Blueknight Energy - WACC Analysis

Blueknight Energy (Weighted Average Cost of Capital (WACC) Analysis)



Helpful Information for Blueknight Energy's Analysis

What is the WACC Formula? Analyst use the WACC Discount Rate (weighted average cost of capital) to determine Blueknight Energy's investment risk. WACC Formula = Cost of Equity (CAPM) * Common Equity + (Cost of Debt) * Total Debt. The result of this calculation is an essential input for the discounted cash flow (DCF) analysis for Blueknight Energy. Value Investing Importance? This method is widely used by investment professionals to determine the correct price for investments in Blueknight Energy before they make value investing decisions.

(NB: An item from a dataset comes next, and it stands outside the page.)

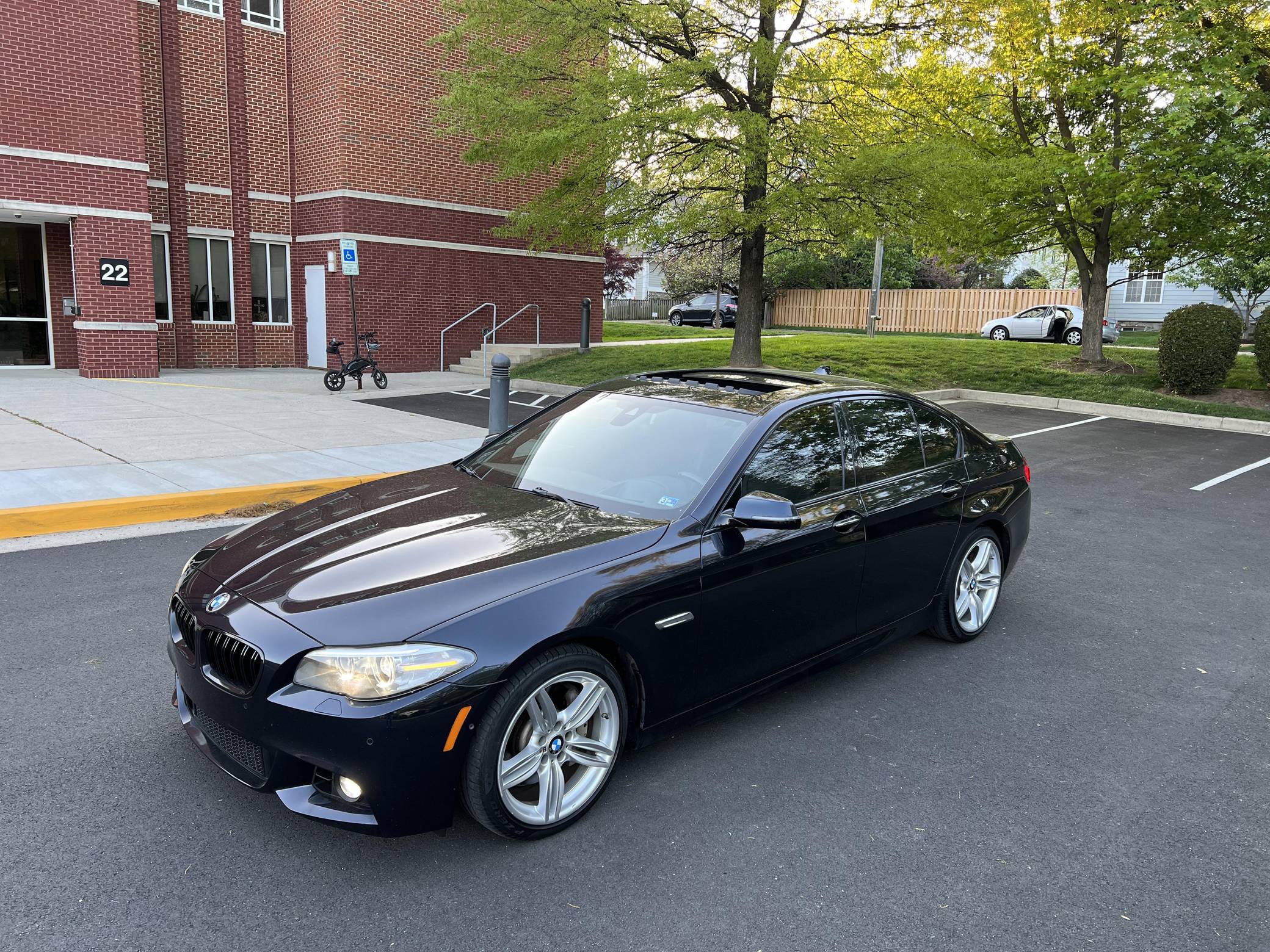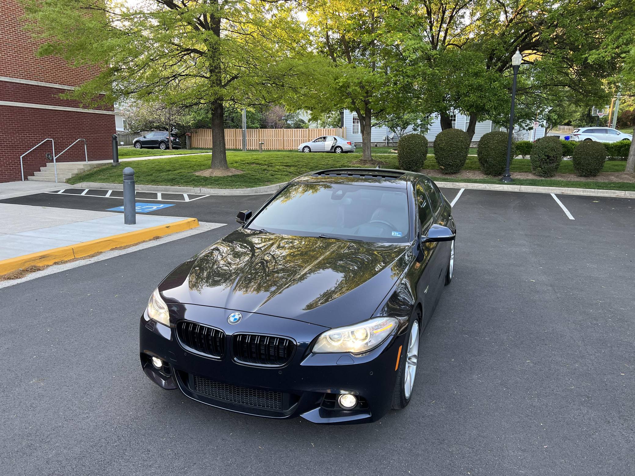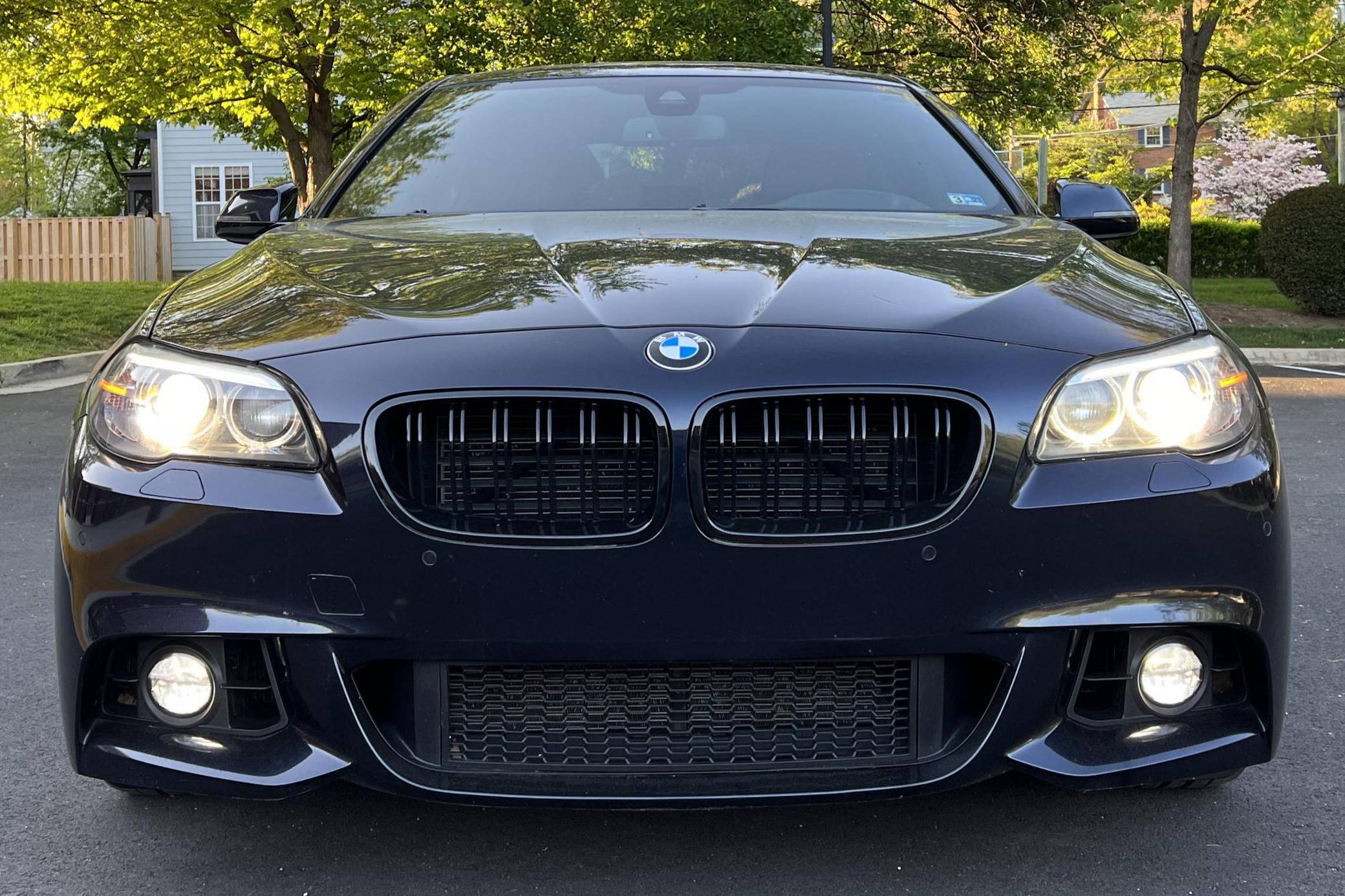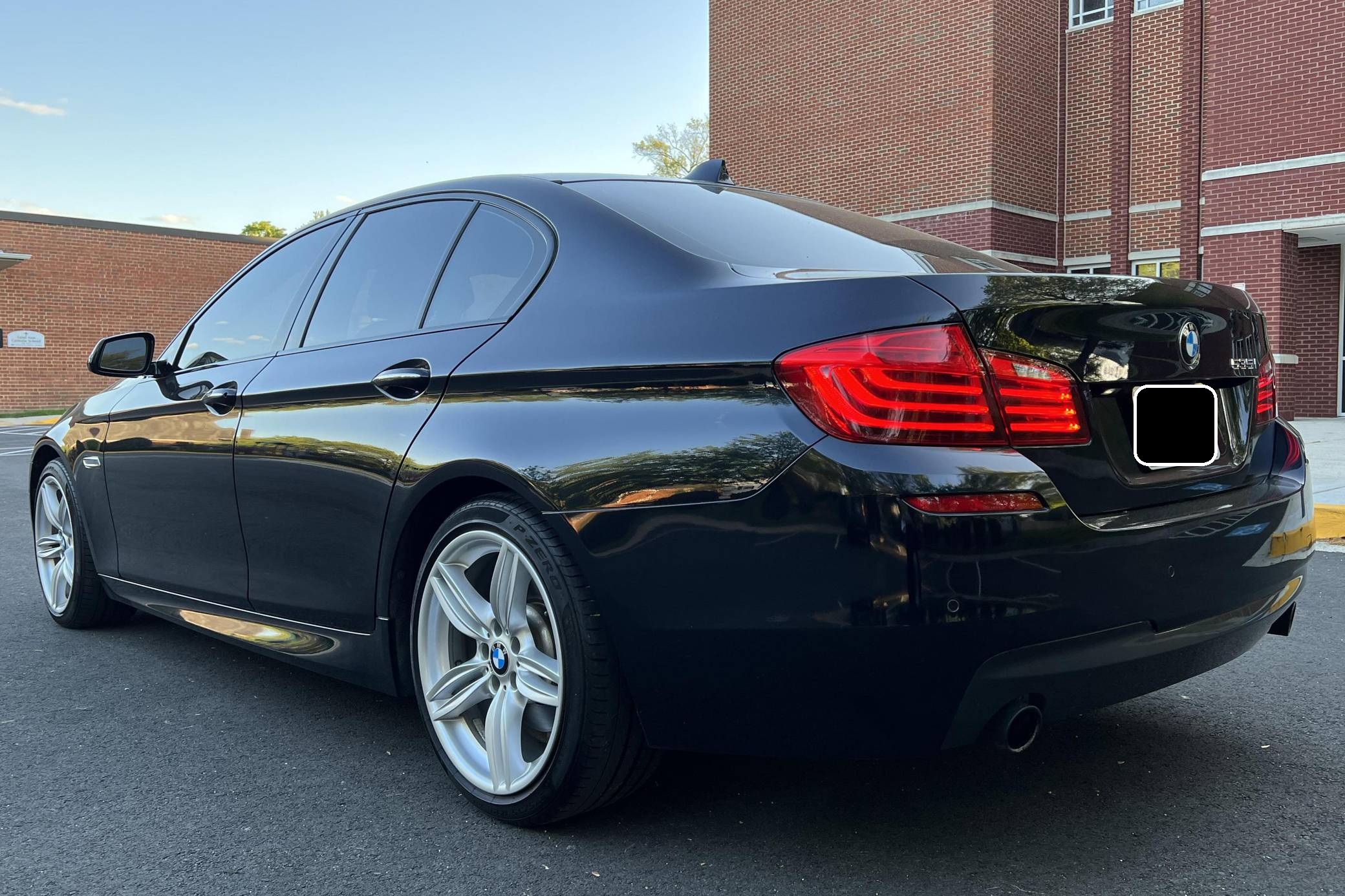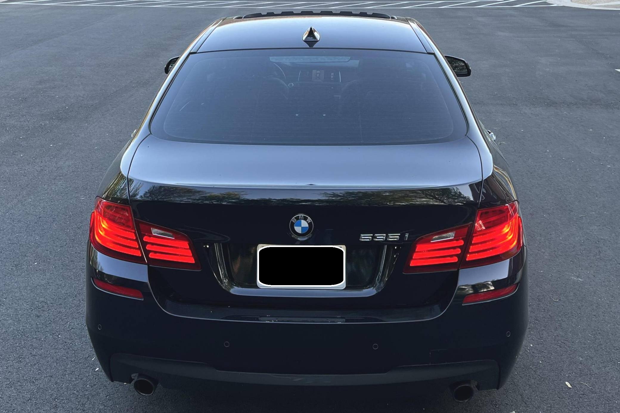 2015 BMW 535i sedan, finished in Carbon Black Metallic with a Mocha interior. A build sheet is shown in the gallery, and a partial list of notable equipment includes the M Sport Package, Premium Package, Driver Assistance Package, Luxury Seating Package, heated front seats, and a Harman Kardon sound system. Modifications are limited to black kidney grilles and tinted windows. BMW released the F10-generation 5 Series for the 2011 model year. It wore a less extroverted design than its predecessor, and engineers overhauled nearly every part of the chassis to ensure it remained the driver's choice in the segment in the face of growing competition. Power comes from a 3. 0-liter turbocharged inline-6 engine, rated at 300 horsepower and 300 lb-ft of torque. Power is sent to the rear wheels via an 8-speed automatic transmission.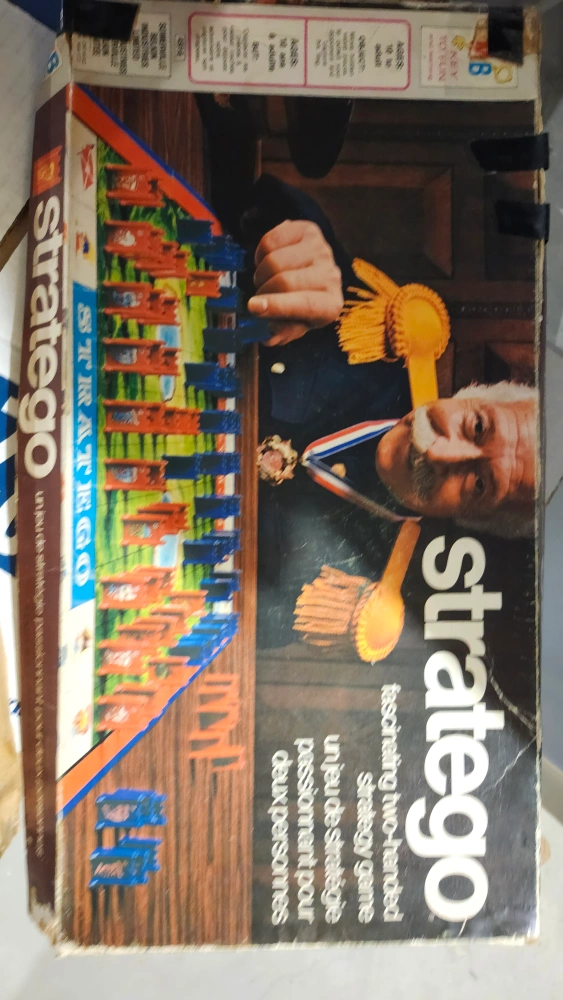 Selling a used Stratego board game. The box shows signs of wear, but all the pieces are included! This is a fascinating two-handed strategy game for two players.

This WACC analysis is used in Blueknight Energy's discounted cash flow (DCF) valuation and see how the WACC calculation affect's Blueknight Energy's company valuation.

WACC Analysis Information

1. The WACC (discount rate) calculation for Blueknight Energy uses comparable companies to produce a single WACC (discount rate). An industry average WACC (discount rate) is the most accurate for Blueknight Energy over the long term. If there are any short-term differences between the industry WACC and Blueknight Energy's WACC (discount rate), then Blueknight Energy is more likely to revert to the industry WACC (discount rate) over the long term.

2. The WACC calculation uses the higher of Blueknight Energy's WACC or the risk free rate, because no investment can have a cost of capital that is better than risk free. This situation may occur if the beta is negative and Blueknight Energy uses a significant proportion of equity capital.